## WHAT TO DO
The entries below hold a line with "LIZZY春夏休闲时尚天丝V领扭结设计衬衫" and a line with "For my business". Return those lines and all that lie between them, exactly and only.

## GIVEN DATA
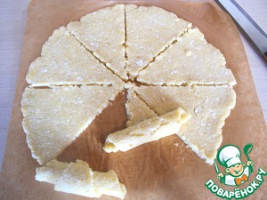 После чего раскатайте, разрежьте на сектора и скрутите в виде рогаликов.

--

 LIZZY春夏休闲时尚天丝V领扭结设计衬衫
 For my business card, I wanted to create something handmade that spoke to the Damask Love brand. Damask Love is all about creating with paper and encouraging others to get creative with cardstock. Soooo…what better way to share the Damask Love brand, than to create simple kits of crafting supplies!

## SOLUTION FOR THIS TASK
 LIZZY春夏休闲时尚天丝V领扭结设计衬衫
 For my business card, I wanted to create something handmade that spoke to the Damask Love brand. Damask Love is all about creating with paper and encouraging others to get creative with cardstock. Soooo…what better way to share the Damask Love brand, than to create simple kits of crafting supplies!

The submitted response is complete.